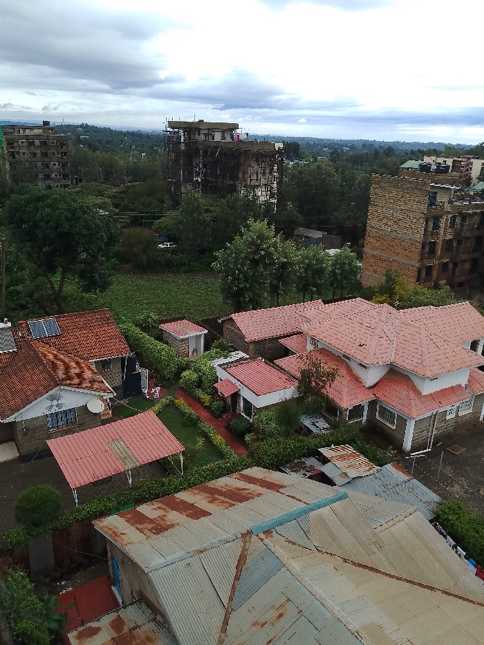 The image depicts an elevated view of a residential and mixed-use area in Olkeri ward, Kenya, under an overcast sky. In the immediate foreground, corrugated metal rooftops, some with visible rust, slant downwards from the bottom edge. The midground features a cluster of residential structures, predominantly single-family homes or smaller multi-unit dwellings, characterized by red tiled roofs and white or stone/brick facades. Several properties exhibit manicured green lawns, shrubbery, and paved pathways. One house features solar panels on its red roof and a satellite dish on an exterior wall. Small outbuildings with red roofs are visible within some properties. Adjacent to these residences is a large, irregularly shaped green agricultural field or undeveloped plot. In the background, multiple multi-story buildings are visible. To the left and center-left, two prominent structures appear to be either under construction or in a state of disrepair, featuring exposed concrete frames and scaffolding. To the right, another multi-story building with a reddish-brown brick facade stands. Beyond these structures, a distant horizon reveals further buildings and an expanse of green landscape under the cloudy sky. A white vehicle is partially discernible through trees in the mid-background. No individuals or specific actions are discernible within the frame.
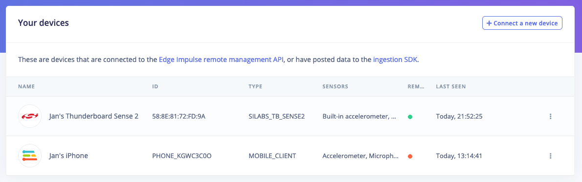 Devices tab with the device connected to the remote management interface.
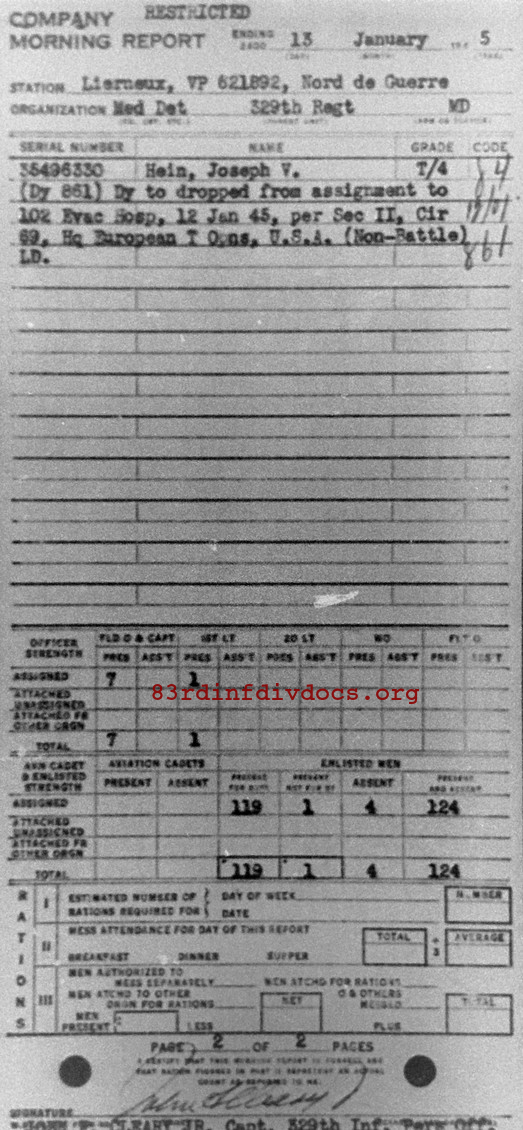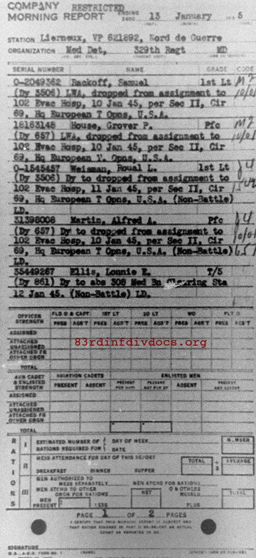 Morning report MEDDET/329 for January 13, 1945

+++

▸ **Problem to work on**
Pictures aside, reproduce exactly the lines from the one containing "Devices tab with" to the end of the listing above, both ends included.

▸ **Response area**
 Devices tab with the device connected to the remote management interface.
 Morning report MEDDET/329 for January 13, 1945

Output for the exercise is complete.